Wednesday, January 30, 2008

"I """"probably""""" deserved all that happened" - mmm!

I have again considered at some length your last message, I will not get involved in any sort of mediation no matter what agency you suggest and there will not be any personal meetings of any kind.
I WILL answer your questions via FR and possibly talk to you by telephone at a later date when and if I feel confident that it is actually only answers that you want.How can I possibly trust you when you veer between threats and moral blackmail, how can I rely on what you say when you have threatened both myself and my brother.
I think that there are some things that I need to say before you start asking questions, it may give you an insight into my feelings on the matter.
Firstly, I do not seek or need your forgiveness, you may have forgotten or chosen to forget that you have in fact forgiven me twice before, you cannot keep on using it as a bargaining chip or method of getting what you want. I have had to move on from events in the past, again you may have chosen to ignore the absolute wreck that my life was 7 years ago, I fully accept that I probably deserved all that happened but the fact still remains that I have had to painfully piece my life back together, I have paid the full price for what I did both morally and legally. I do not owe you anything.
Secondly, you still talk about guilt and blame on your part, I have never ever said that any of the past was your fault in any way whatsoever, in fact just the opposite, I have always accepted full responsibility for what happened, YOU WERE NOT TO BLAME ,IT WAS NOT YOUR FAULT. I admitted everything to your Mother when challenged and I pleaded guilty at court, I have never said to you that I thought you were in any way to blame.
Thirdly, this is my observation and I would stress that it is only my feelings about things. I wonder if you actually really want to stop the negative feelings that you say you have, you seem to use it as justification for some of the questionable things you do, how much do you actually want to recover, or is it that you are just more comfortable being the eternal victim.
Fourthly, if what you say about the rest of your family is indeed true then I am appalled by their actions, the very people you should be able to rely on to support and help you have let you down badly, I have always had reservations about your Mother,Father and brothers true motives for wanting to see me in court and it appears that I may have been correct. Your Father wanted revenge, your Mother rid of me (as I had ceased to be financially useful) and your brother to placate his hysterical wife. None of them it would appear wanted it for you.
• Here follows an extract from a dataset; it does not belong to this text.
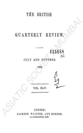 British Quarterly Review July to October 1866 Vol XLIV.

I am sorry if my tone seems harsh but I think it better that you have a clear picture on how I feel about things, I am not racked by guilt, sat at home wringing my hands waiting for absolution. The reason? NECESSITY, because there was no other alternative, basically sink or swim. I have had to get on with life and with a will to succeed and support from family I have regained some self respect and stability and above all the love and companionship of a very special person.
You are not the only person who has had problems in their life and has had to get over traumatic events, you have much to look forward too and work for, do not let life slip by.
Please start posting your questions on FR as soon as you wish.
I will send you the details of the police contact in the next few days.